For a kid growing up in the 1960s, comic strips were polarizing: you either loved “the funnies” or you didn’t. I didn’t. Instead of pictures, I wanted more words—not the cartoonist’s elliptical shorthand, with its random italicizations and bullying exclamation marks. Thus did I miss out on a sui generis form of American creative genius.
Cullen Murphy ’74 was no mere fan; he was there at the creation. His father, John Cullen Murphy, produced two popular strips: Big Ben Bolt, about a highly educated boxer, and Prince Valiant, an Arthurian legend. For six decades, up to his death in 2004, the elder Murphy was a cartoonist and illustrator. And he had plenty of company, right in his neighborhood.
The book’s title refers to Fairfield County, Conn., whose proximity to Manhattan—cartoonists could hop the train to rush their strips in on deadline—attracted Al Capp (Li’l Abner), Mort Walker (Beetle Bailey), Stan Drake (Blondie) and other giants of the trade. Cullen Murphy’s fond look at this community of eccentric creators and their “vaguely anarchic” lives challenges our notions of suburban conformity in the 1950s.
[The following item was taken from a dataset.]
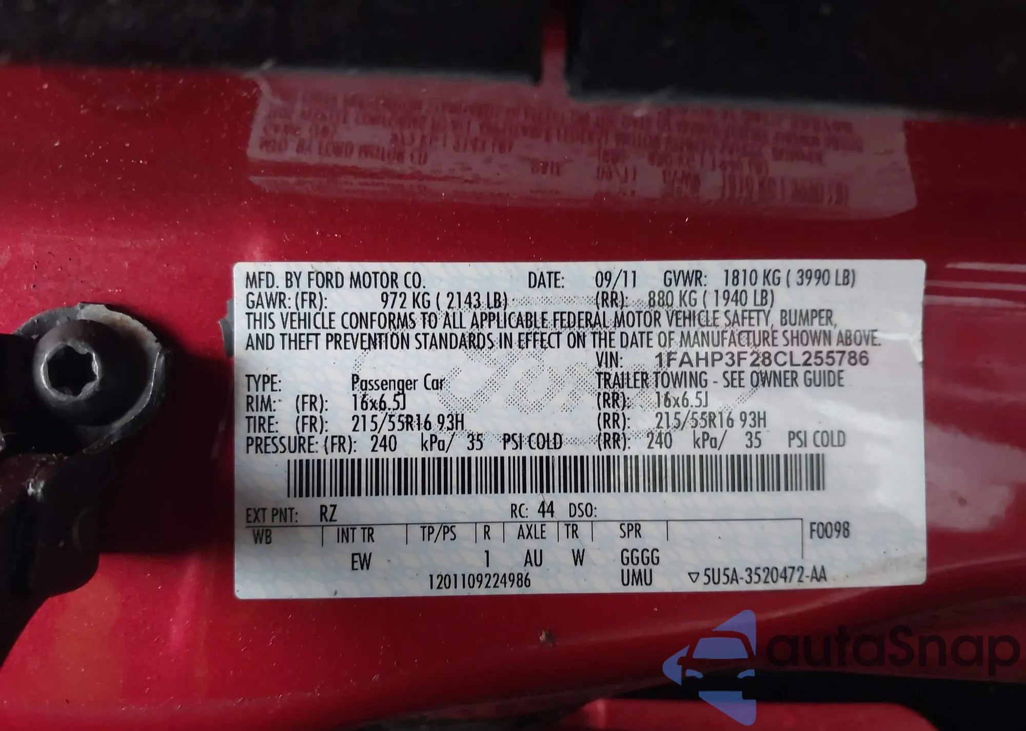 VIN: 1FAHP3F28CL255786

This community of eccentric creators challenges our notions of 1950s conformity.
Cartoon County is packed with ephemera: vintage comic strips; sketches; family photos (one shows the author at age 4, posing with Rin Tin Tin). Murphy, a magazine editor (and the College’s outgoing board chair), charts the business side of the cartoon trade, provides a trove of beguiling technical trivia (we learn, for instance, that the wavy lines cartoonists use to suggest aroma are called “wafterons”) and intelligently dissects the creative process behind the construction of cartoon images and narratives. The book is an education.
More than that, it’s a tenderly attentive evocation of his father and his teeming, generous mind—“an overstuffed attic,” Murphy writes, “whose door was ajar.” Murphy père loved extracting root words from familiar negatives— curiosities like “ept” or “gruntled”—and deploying them on their own. Among First Ladies he preferred Grace Coolidge to Jackie Kennedy; he scorned author Lillian Hellman (“a louse”); he discoursed on the obscure topic of morganatic marriages. “His reservoirs of arcane knowledge, odd prejudice and unexpected enmity,” writes Cullen Murphy, “were astonishing.”
John Cullen Murphy’s career took shape under a lucky star. He grew up in New Rochelle, N.Y., two doors down from Norman Rockwell, who used him as a model for a Saturday Evening Post cover, then later trained him as an artist. He sold his first painting at 17, and during his Army stint in World War II, his sketches found their way into the hands of a general who was sufficiently impressed to requisition him as a staff painter. Thus did Murphy’s wartime bid yield portraits of Gen. Douglas MacArthur and family.